> _ACTION ITEM_
Which of the lines below mention the word "This"? Pull each one out.

[Stored data]
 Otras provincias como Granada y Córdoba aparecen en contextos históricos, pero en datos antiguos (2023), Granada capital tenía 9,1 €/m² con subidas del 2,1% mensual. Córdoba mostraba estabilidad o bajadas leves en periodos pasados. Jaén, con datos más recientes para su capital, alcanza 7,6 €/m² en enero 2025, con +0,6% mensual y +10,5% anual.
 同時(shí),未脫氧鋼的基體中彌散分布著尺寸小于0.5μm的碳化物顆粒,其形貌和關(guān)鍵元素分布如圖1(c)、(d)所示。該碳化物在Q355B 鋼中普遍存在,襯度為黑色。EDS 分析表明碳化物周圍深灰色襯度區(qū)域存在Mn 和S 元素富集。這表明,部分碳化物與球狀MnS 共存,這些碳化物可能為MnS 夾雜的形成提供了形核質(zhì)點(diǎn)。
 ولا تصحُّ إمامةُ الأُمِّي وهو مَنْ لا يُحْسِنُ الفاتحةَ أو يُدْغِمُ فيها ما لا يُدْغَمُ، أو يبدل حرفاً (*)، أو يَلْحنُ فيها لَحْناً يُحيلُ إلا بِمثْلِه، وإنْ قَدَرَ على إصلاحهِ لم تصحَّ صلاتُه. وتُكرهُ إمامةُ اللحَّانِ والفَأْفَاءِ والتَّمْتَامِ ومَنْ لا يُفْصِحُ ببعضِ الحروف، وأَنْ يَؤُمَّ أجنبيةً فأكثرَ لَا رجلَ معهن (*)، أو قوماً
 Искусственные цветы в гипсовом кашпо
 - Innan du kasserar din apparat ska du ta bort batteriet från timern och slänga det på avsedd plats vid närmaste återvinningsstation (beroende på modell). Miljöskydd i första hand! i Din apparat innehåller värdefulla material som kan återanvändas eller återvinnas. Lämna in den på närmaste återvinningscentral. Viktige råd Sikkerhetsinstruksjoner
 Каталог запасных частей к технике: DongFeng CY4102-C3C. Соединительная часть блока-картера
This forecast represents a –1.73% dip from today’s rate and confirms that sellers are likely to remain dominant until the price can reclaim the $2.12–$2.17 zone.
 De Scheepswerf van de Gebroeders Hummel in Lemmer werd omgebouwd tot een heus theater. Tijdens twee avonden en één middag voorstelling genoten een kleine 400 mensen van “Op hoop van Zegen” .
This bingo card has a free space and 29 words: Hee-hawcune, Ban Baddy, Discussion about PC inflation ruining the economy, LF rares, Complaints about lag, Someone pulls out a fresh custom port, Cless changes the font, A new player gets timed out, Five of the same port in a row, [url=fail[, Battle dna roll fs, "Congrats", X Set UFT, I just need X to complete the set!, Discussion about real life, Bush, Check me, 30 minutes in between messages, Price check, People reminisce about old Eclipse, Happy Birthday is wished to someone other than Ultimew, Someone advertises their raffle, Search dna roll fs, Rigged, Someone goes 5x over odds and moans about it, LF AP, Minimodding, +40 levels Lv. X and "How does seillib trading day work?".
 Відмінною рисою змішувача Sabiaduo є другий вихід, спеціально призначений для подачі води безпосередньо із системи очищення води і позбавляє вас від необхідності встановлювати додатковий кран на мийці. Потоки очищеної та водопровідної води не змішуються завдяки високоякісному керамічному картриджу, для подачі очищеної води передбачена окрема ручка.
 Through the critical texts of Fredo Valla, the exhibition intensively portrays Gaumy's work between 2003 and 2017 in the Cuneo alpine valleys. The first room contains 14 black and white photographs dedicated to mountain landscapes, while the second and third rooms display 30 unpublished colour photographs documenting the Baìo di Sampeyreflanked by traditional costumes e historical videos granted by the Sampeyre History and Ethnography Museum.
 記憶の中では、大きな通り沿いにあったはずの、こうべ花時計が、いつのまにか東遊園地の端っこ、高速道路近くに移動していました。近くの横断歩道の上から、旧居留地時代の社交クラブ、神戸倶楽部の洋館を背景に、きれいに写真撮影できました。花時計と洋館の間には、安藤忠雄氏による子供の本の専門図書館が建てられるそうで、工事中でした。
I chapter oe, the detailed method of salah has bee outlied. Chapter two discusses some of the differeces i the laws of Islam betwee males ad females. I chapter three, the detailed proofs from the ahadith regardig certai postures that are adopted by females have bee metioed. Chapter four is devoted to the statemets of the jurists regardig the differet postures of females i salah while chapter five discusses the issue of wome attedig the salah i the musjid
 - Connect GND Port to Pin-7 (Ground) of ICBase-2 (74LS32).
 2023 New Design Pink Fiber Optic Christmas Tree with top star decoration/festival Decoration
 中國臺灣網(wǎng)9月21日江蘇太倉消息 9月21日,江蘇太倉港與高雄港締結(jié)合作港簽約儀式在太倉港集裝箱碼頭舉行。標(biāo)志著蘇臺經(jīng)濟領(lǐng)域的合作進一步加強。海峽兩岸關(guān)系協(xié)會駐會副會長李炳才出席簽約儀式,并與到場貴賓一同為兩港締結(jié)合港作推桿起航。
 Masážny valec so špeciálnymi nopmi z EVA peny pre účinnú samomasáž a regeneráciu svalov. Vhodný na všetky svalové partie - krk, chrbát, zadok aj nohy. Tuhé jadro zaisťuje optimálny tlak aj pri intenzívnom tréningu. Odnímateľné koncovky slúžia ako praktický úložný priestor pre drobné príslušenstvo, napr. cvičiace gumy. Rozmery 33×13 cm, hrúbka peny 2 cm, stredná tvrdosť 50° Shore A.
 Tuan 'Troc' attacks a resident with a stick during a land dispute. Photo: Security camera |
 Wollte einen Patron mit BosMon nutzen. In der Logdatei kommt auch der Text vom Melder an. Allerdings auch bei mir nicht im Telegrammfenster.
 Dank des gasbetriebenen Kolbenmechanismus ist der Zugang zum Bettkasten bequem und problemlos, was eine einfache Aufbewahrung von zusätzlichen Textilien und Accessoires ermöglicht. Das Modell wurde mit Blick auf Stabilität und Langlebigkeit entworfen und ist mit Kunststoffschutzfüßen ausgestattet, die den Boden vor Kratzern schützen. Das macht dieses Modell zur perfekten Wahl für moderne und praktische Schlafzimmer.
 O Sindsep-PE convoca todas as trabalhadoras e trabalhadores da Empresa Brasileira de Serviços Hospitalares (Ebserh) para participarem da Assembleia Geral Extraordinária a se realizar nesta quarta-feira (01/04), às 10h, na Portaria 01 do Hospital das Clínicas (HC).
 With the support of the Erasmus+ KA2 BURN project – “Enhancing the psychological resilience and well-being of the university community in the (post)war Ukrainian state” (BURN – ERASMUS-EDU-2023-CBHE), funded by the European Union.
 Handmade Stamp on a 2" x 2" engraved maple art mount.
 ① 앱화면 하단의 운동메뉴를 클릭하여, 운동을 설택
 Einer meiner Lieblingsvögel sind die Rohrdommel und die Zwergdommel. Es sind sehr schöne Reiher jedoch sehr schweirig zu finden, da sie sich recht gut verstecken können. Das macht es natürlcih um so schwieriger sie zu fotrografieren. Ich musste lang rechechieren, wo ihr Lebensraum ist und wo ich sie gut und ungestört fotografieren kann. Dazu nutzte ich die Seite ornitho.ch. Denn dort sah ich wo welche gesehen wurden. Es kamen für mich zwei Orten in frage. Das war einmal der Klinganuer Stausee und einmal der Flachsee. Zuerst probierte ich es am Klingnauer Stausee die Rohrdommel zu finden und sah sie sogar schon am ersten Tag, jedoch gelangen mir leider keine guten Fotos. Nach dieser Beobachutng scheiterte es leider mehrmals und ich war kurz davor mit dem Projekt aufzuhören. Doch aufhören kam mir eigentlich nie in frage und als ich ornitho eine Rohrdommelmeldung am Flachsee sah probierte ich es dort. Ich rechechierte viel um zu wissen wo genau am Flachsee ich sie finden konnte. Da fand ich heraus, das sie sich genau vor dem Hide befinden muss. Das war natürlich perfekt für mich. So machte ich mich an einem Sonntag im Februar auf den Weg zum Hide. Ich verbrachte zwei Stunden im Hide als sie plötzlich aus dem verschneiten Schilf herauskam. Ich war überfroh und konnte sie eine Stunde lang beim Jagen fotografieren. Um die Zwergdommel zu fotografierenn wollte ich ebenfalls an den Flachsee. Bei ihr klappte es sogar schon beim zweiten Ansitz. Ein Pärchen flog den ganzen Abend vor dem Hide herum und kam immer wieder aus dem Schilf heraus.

> _EXPECTED ANSWER_
This forecast represents a –1.73% dip from today’s rate and confirms that sellers are likely to remain dominant until the price can reclaim the $2.12–$2.17 zone.
This bingo card has a free space and 29 words: Hee-hawcune, Ban Baddy, Discussion about PC inflation ruining the economy, LF rares, Complaints about lag, Someone pulls out a fresh custom port, Cless changes the font, A new player gets timed out, Five of the same port in a row, [url=fail[, Battle dna roll fs, "Congrats", X Set UFT, I just need X to complete the set!, Discussion about real life, Bush, Check me, 30 minutes in between messages, Price check, People reminisce about old Eclipse, Happy Birthday is wished to someone other than Ultimew, Someone advertises their raffle, Search dna roll fs, Rigged, Someone goes 5x over odds and moans about it, LF AP, Minimodding, +40 levels Lv. X and "How does seillib trading day work?".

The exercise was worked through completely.